J’ai gardé pour la fin une uchronie peu banale car rédigée à chaud, presque en même temps que le non-événement – la victoire
d’Al Gore – dont elle postule l’existence. Ce texte, rédigé par un ancien speechwriter de Bush Jr, est évidemment très orienté.
Il nous montre Gore et ses conseillers sous un jour caricatural, ce qui est discutable : après tout, l’uchronie n’est pas censée faire
rire, mais faire réfléchir.
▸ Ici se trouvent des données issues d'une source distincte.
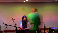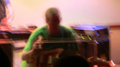 assorted soundmaking tools. The two men at the back of the low stage, replete
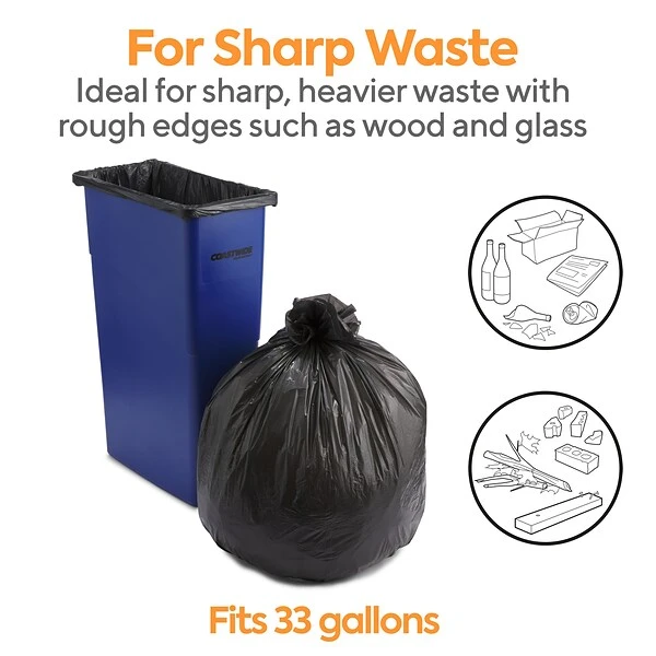 - These 30-33 gal. capacity medium strength bags ideal for all trash applications, including heavy industrial trash

Elle est également supposée rester crédible, règle qui n’est pas respectée ici, lorsque l’on voit Gore
ordonner une étude d’impact environnemental avant toute action militaire, interdire de toucher à l’Irak pour ne pas faire de peine
à Chirac, ou envisager de rendre l’Espagne à la Syrie histoire d’effacer les humiliations passées… Il y a plus grave : ce texte a été
écrit visiblement en pleine euphorie de la phase militaire de la guerre d’Irak. Lorsque nous lisons certains propos censément
ridicules prêtés à Gore, du genre : « il ne faudrait pas aliéner nos alliés ou dresser contre nous l’opinion musulmane », on espère
qu’aujourd’hui M. David Frum, puisque tel est son nom, y regarderait à deux fois avant de s’en gausser. Non, décidément,
l’uchronie et les Guignols de l’Info ne font pas bon ménage.
N. Ferguson (dir.), Virtual History (Londres, Papermac, 1997).
R. Cowley (dir.), What If ? (Londres, 1999) et More What If ? (id. 2002).
A. Roberts (dir.), What Might Have Been (Londres, Weidenfeld & Nicolson, 2004).